$(x^2 − y^2)z − y^3 = 0$
i divide by $z^3$ and look for rational solutions of the equation $A^2 − B^2 − B^3 = 0.$ The point $(A,B) = (0, 0)$ is a singular point, that is any line through this point will meet the curve twice in $(0, 0)$. Now i wanna use Diophantus chord method using the lines passing through $(0, 0)$ but i can't seem to pass this point
On
$$(x^2-y^2)z-y^3=0$$
$$ x^2 z = y^2 (y + z) $$
Let $λ$ be the gcd of $x$ and $y$, then we have:
$$ x = λn, y=λm, (m, n) = 1$$
and the equation becomes:
$$ n^2 z = m^2 (λ m + z) $$
Then, because (m,n)=1, we must have: $z=m^2 ω$
$$ n^2 ω = (λ m + m^2 ω) $$
$$ n^2 ω = m (λ + m ω) $$
and again, because (m,n)=1, it must be: ω = m k
$$ n^2 k = (λ + m^2 k) $$
$$ (n^2 - m^2) k = λ $$
with the only restriction being: (m,n)=1
So, all the solutions are of the form:
$$ x = k n (n^2 - m^2) $$ $$ y = k m (n^2 - m^2) $$ $$ z = k m^3 $$
At least for a nonvertical line $B=kA$ when plugged into $$A^2-B^2-B^3=0 \tag{1}$$ gives $$A^2-k^2A^2-k^3A^3=0,$$ where here the double root corresponds to $A^2$ being a factor.
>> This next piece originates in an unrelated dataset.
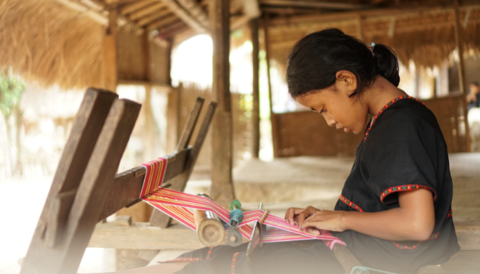 Where you see a tradition of weaving in well cared. They weave gold and silver thread to be traditional Songket and Ikat cloth with very simple looms.

After dividing by that and solving for $A$ one gets $A=(1-k^2)/k^3,$ and so also $B=kA=(1-k^2)/k^2.$ Finally a check reveals these values of $A,B$ satisfy $(1).$ So this is a parametrization of the solution set for rationals, which covers most points on the curve.
There of course would still be a lot of work to go from such a rational parametrization to finding all positive integer solutions to the starting equation.
Added note: For the starting equation $$(x^2-y^2)z-y^3=0, \tag{2}$$ if one puts the $k$ parameter in the above rational parametrization equal to $m/n,$ where we assume $0<m<n$ in order that we have $0<k<1,$ then we can work backwards and get a collection of positive integer solutions $(x,y,z)$ to equation $(2).$ The resulting expressions are $$x=n(n^2-m^2),\ \ y=m(n^2-m^2),\ \ z=m^3.\tag{3}$$ Note that if given a positive integer solution to $(2)$ we multiply each of $x,y,z$ by some positive integer $k$ say, another solution results. So one could call a solution "primitive" provided the gcd of $x,y,z$ is $1$. In this sense, the remaining question is whether there are primitive solutions not included in the equations $(3).$ I've had some success so far on this, having shown at least that $z$ must be a cubic factor of $y^3.$